Playing five tracks including hits "Alison" and "Peace, Love and Understanding," Costello also sang "Sulphur to Sugarcane" an old campaign song from the 1930s, when Roosevelt trounced Hoover. "There's an election coming up down south," he said, recalling a meeting with California Governor Arnold Schwarzenegger. "Mine and Diana's twins were born in New York and I wanted to tell him, 'You can never be president, but our boys can.'"
The show was the culmination of a night of live and silent auctions featuring donated works by local and international artists including Jack Shadbolt, Huang Yong Ping, Stan Douglas, Lincoln Clarkes and Fiona Tan.
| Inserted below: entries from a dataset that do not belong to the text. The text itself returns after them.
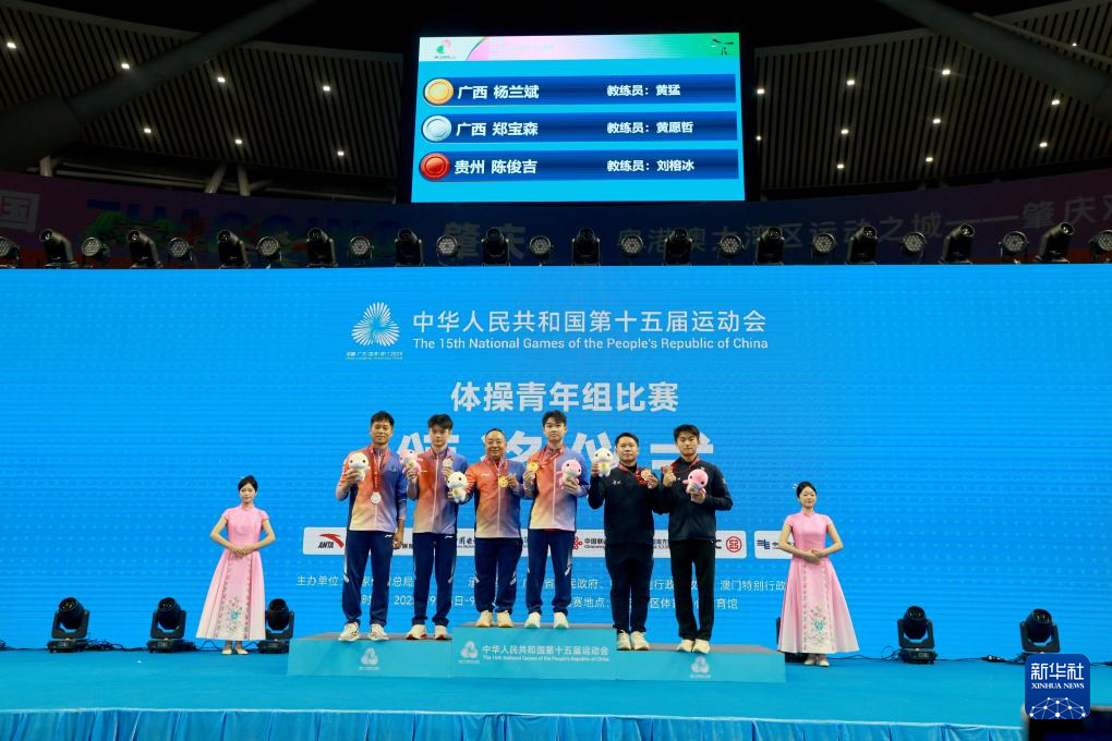 当日,第十五届全国运动会体操项目男子青年组个人全能决赛在广东省肇庆市举行。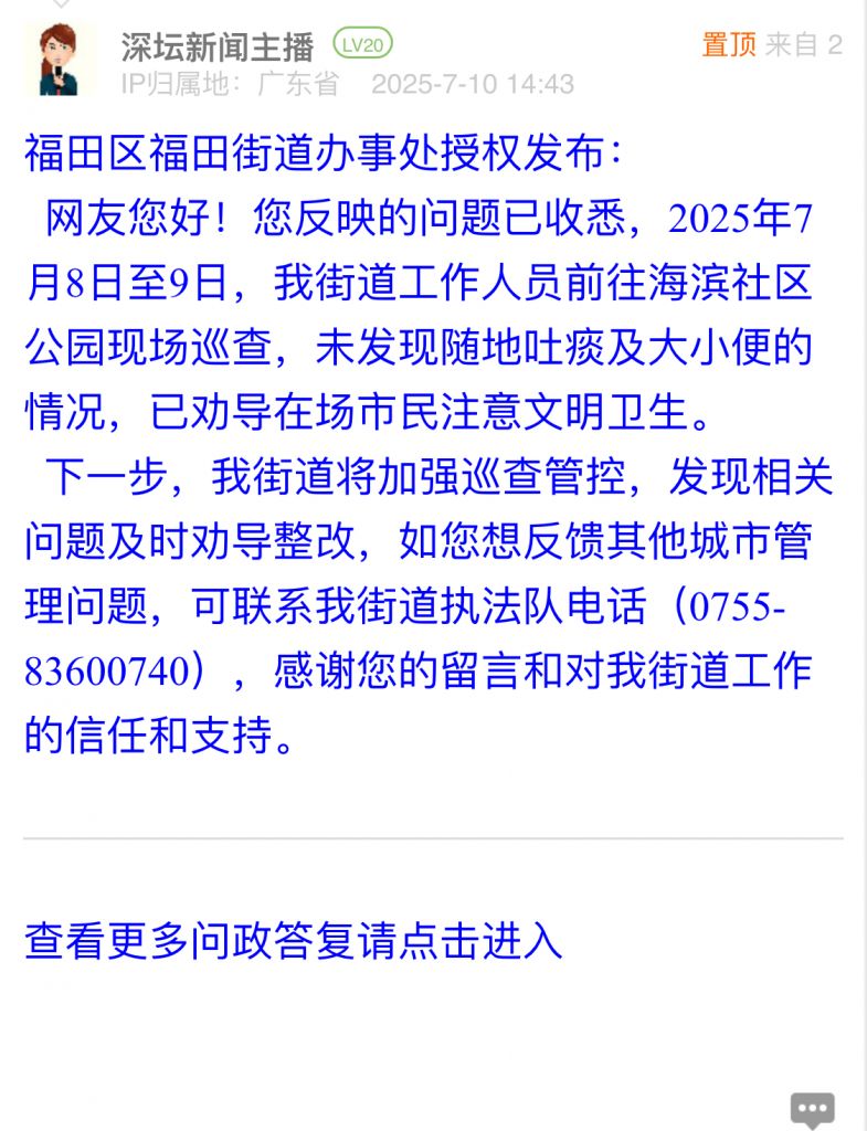 网友您好!您反映的问题已收悉,2025年7月8日至9日,我街道工作人员前往海滨社区公园现场巡查,未发现随地吐痰及大小便的情况,已劝导在场市民注意文明卫生。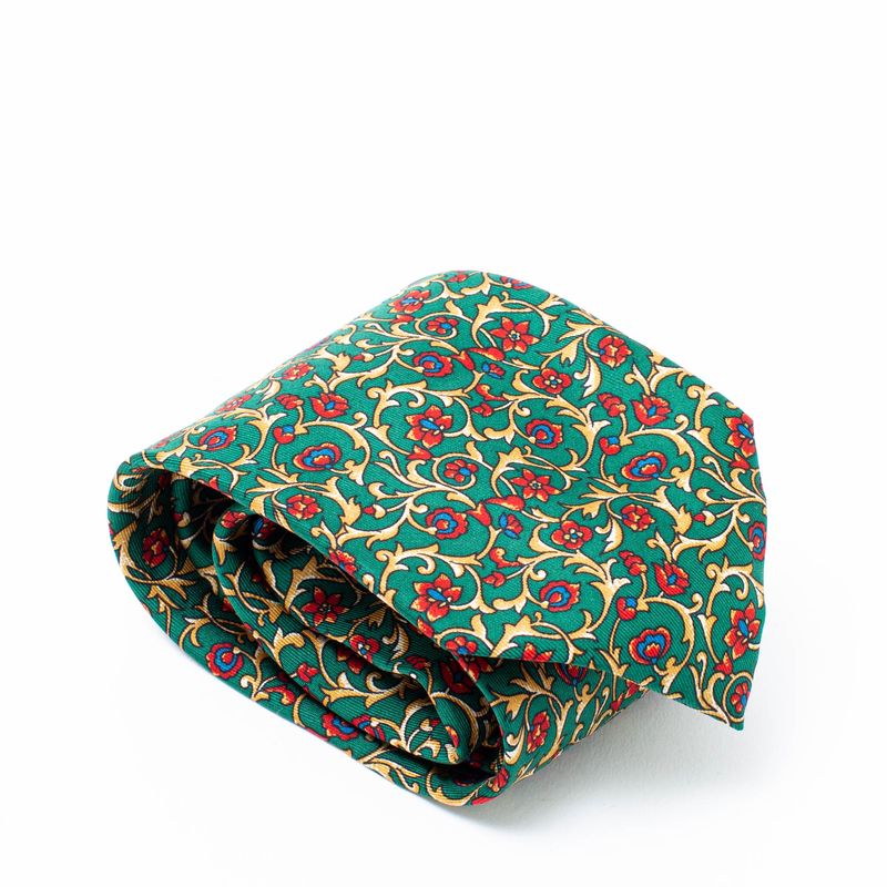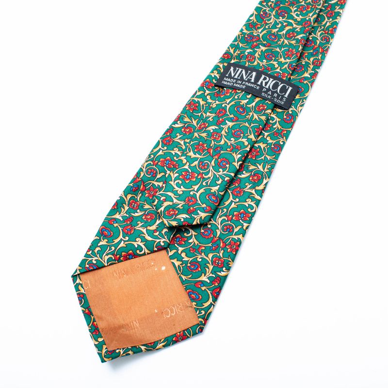 Gravata da marca Nina Ricci, confeccionada em seda verde estampada. Encontra-se em ótimo estado de conservação. Medidas: 144cm de comprimento, 4cm de pé menor e 8cm de pé maior.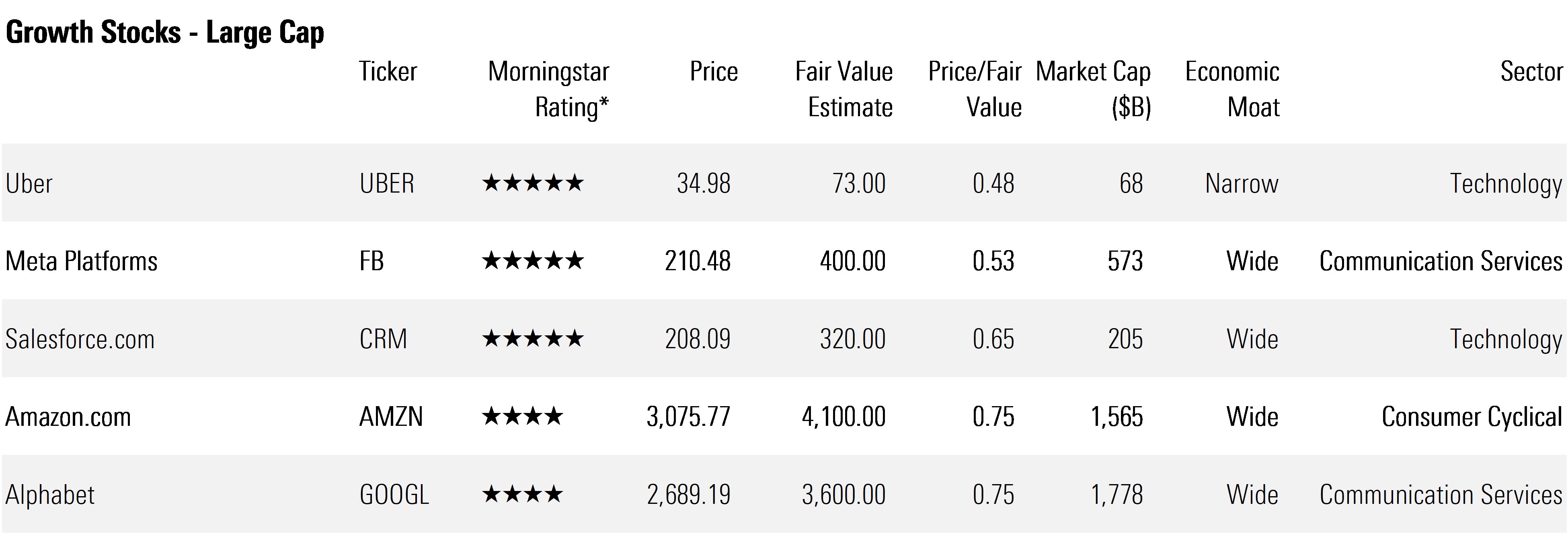 Stocks on the undervalued list include some of the market’s biggest names, such as Amazon.com $(AMZN)$, Uber UBER and Alphabet GOOGL, along with cybersecurity company Okta $(OKTA)$, Palantir$(PLTR)$--which provides intelligence software to governments--and Boston Beer $(SAM)$.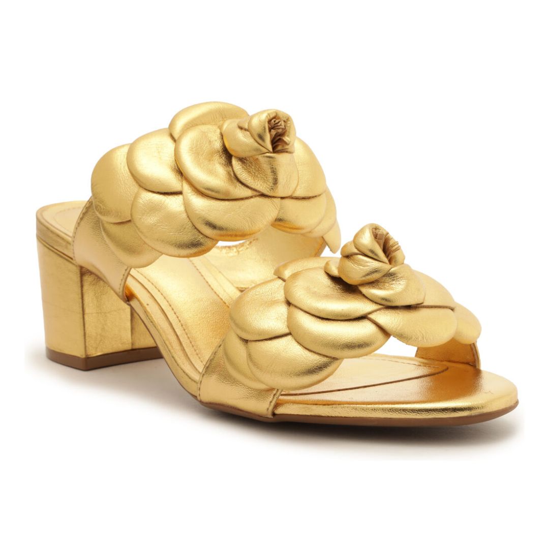 A sandália tem aplicação de flores, traduzindo as tendências da temporada, e é opção certeira para inserir um toque charmoso nas produções. Para usar do office ao passeio.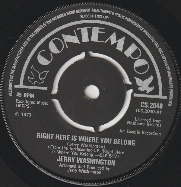 Jerry Washington – Right Here Is Where You Belong / In My Life I’ve Loved (1973) – Very Good Plus (VG+)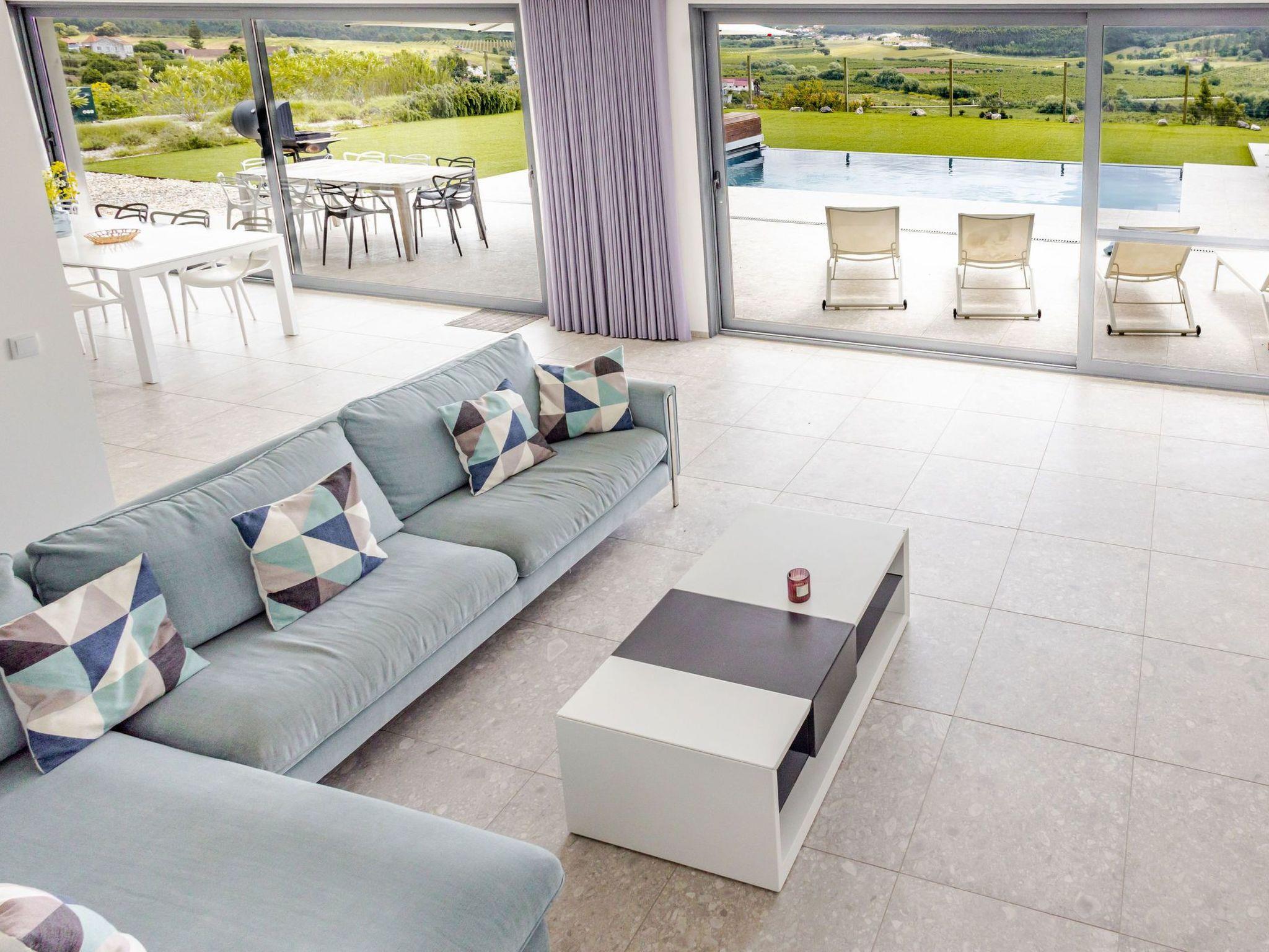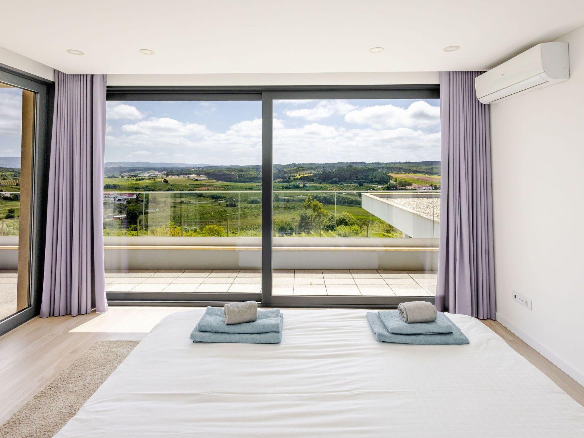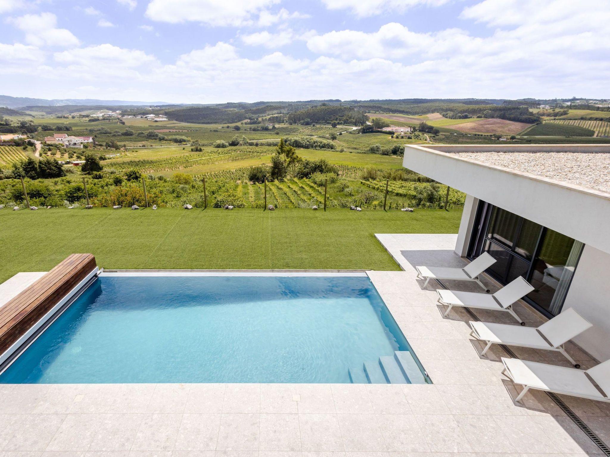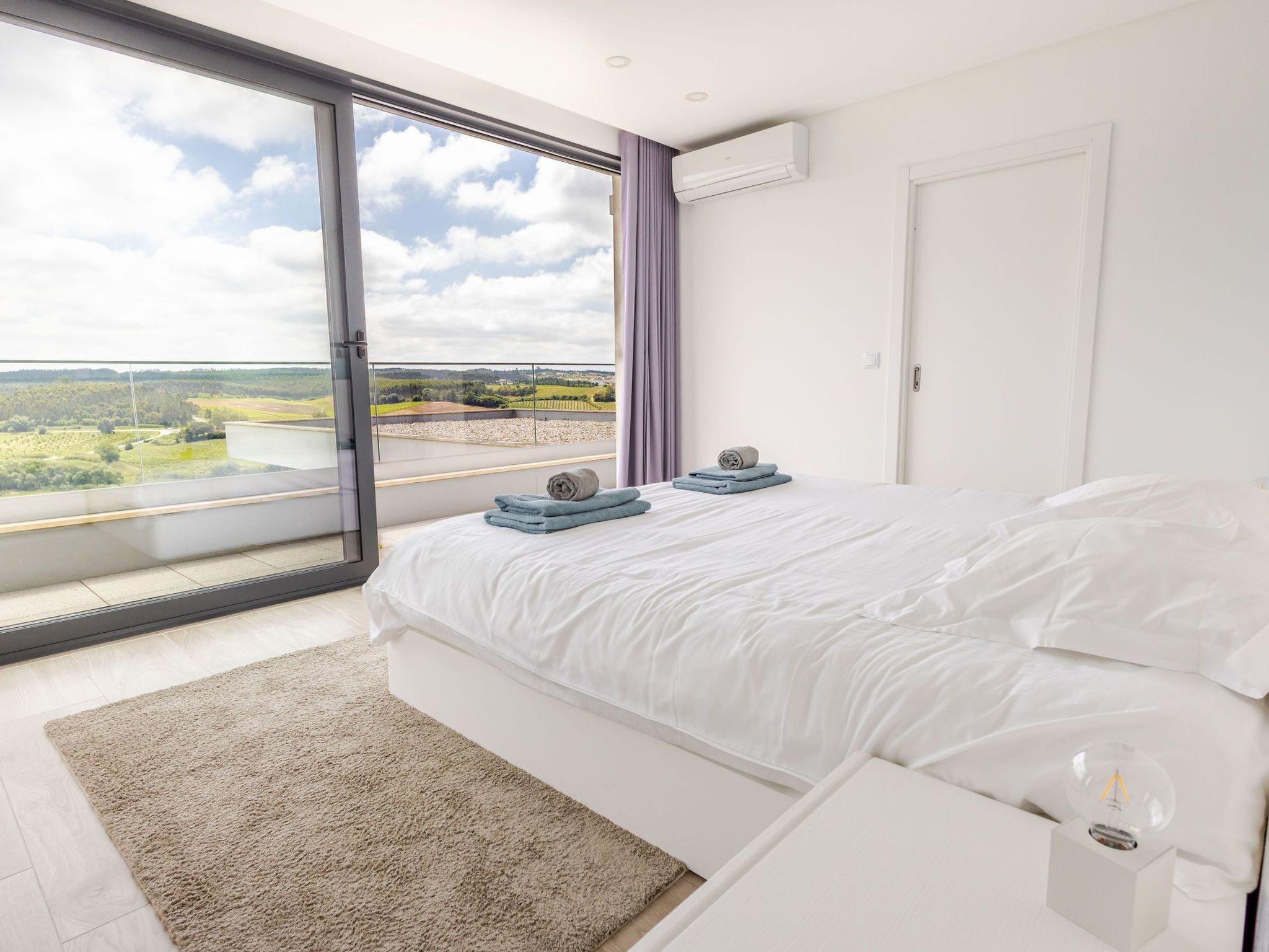 The luxurious villa is in Adão Lobo (Silver Coast), about 50 minutes from Lisbon airport, located on a quiet hill (5 min drive from the centre of Cadaval). Everything is brand new, equipped with a modern open kitchen, dining area, living room, 4 bedrooms and 4 bathrooms with a total of 8 beds, air conditioning, modern furniture, ..., everything you need. There is a private heated pool from May to September with built-in solar shutter. In October, March and April, the pool can be heated. The other months, confusion of the pool is not possible. (Small children must be watched very carefully by the pool) In the region there are several beautiful sights, beautiful nature, surfing paradises, beaches, nice restaurants, ...
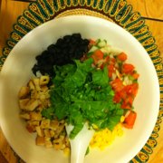 西红柿、洋葱、米饭、Jalapeno、香菜、青柠、蒜头、鸡胸肉或是黑豆、甜玉米。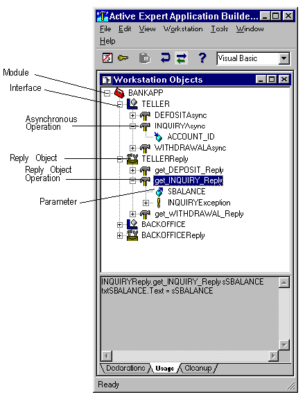 In the figure, the module BANKAPP is expanded to show the asynchronous operations contained in the TELLER interface. Note that the asynchronous operations are named in the form OperationName
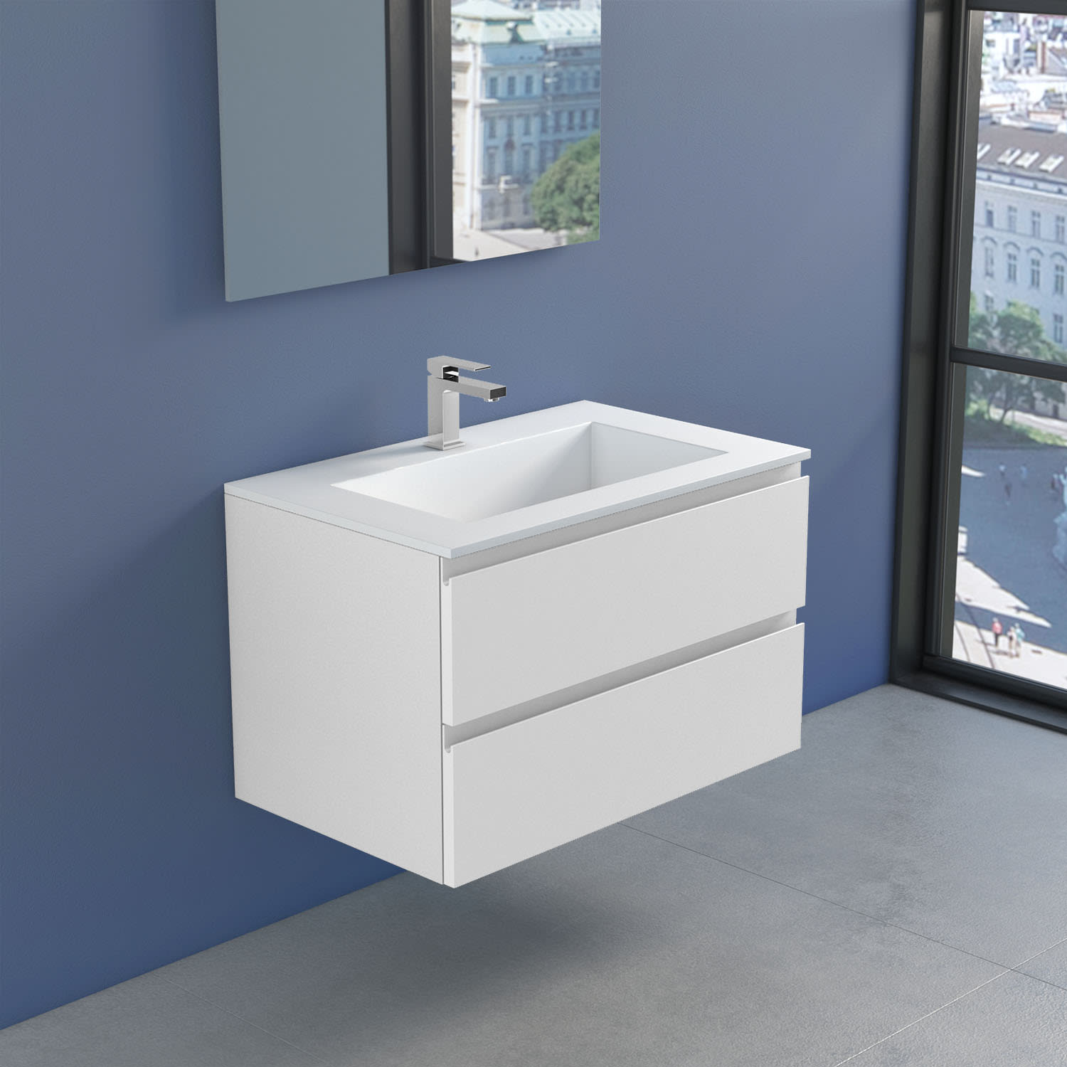 Stresa +Lago Badmöbel mit modernem und minimalistischem Design, erhältlich in vier matt lackierten Farben (weiß, schwarz, cappuccino und grau), Fronten in MDF Stärke 22 mm, mit Griffmulde und Schubladen mit Soft Closing.Waschbecken Lago 80 in Solid Matt White.

A Gordon Smith canvas took the highest bid selling for $60,000. The 89-year-old artist put his head in his hands as the bids soared for North Shore Winter, 2008. Awarded the Order of Canada in 1996, Smith is a painter, sculptor and printmaker.
The live auction raised over $600,000 and, added to the proceeds of the silent auction and the dinner (where tables sold for up to $10,000 each), the gallery expects this to be a record-breaking year.